The Good of Small Things - Sig+ for School Data

I recently read Jonathan Simons’ thought-provoking blog post on Ofsted inspections and school standards in which he explains that the task of identifying underperforming schools now rests solely with Ofsted. There are no other accountability levers, no national threshold measures such as floor standards to add a degree of standardisation to the process and perhaps that is an issue. Without such devices the system is at risk of being subjective and left to the whims of human decision (and error). It’s an interesting point.
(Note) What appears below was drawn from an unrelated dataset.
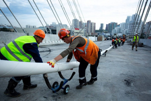 70 металлических тросов прикрепили к пилону в виде буквы «Н» на правом берегу Оби. Как заявляют строители, вантовая система четвертого моста стала новой архитектурной доминантов в центре города.

The article’s suggestion that we could return to some kind of threshold measure caused me to revisit the definitions of the old floor standards and coasting measures, which were scrapped in 2019, and re-read some of my posts on the subject. I had various concerns. First, the floor standards were engineered via the progress measures to catch a fixed proportion of schools. Any progress score that fell above the extremely low thresholds (-5 in reading and maths at KS2) was deemed to be ‘sufficient’, despite an inevitable ‘well below average’ classification in the performance tables. And second, the coasting measures, which at least took account of results over three consecutive years, tended to capture a similar group of schools to the floor standards. Mostly, these measures netted schools in more deprived areas, which were already more likely to receive a less than good judgement from Ofsted. To brand such schools as ‘coasting’ was an insult.

But that’s not why I’m here. It was Jonathan’s suggestion of using three year rolling averages as a way of tracking school performance that really got me thinking. And it got me thinking about small schools in particular.

There are approximately 16,000 primary schools in England. Most are one-form entry but around 1900 primary schools have fewer than 100 pupils. And for this group of schools, data has always been a problem. Even for a one form entry school, where each pupil accounts for 3% of the cohort’s result, data is spiky, but for a school with fewer than 15 pupils in a year group, any attempt to present data as meaningful is ridiculous. But that is exactly what happens: in the performance tables, Analyse School Performance, LA reports – the results of small schools are out there. And bad decisions are made on the basis of bad data.

In 2018, Amanda Spielman gave a speech at the Bryanston Education summit in which she highlighted the issue of analysing the results of pupil groups at school level:

“Nor do I believe there is merit in trying to look at every individual sub-group of pupils at the school level. It is very important that we monitor the progress of under-performing pupil groups. But often this is best done at a national level, or possibly even a MAT or local authority level, where meaningful trends may be identifiable, rather than at school level where apparent differences are often likely to be statistical noise.”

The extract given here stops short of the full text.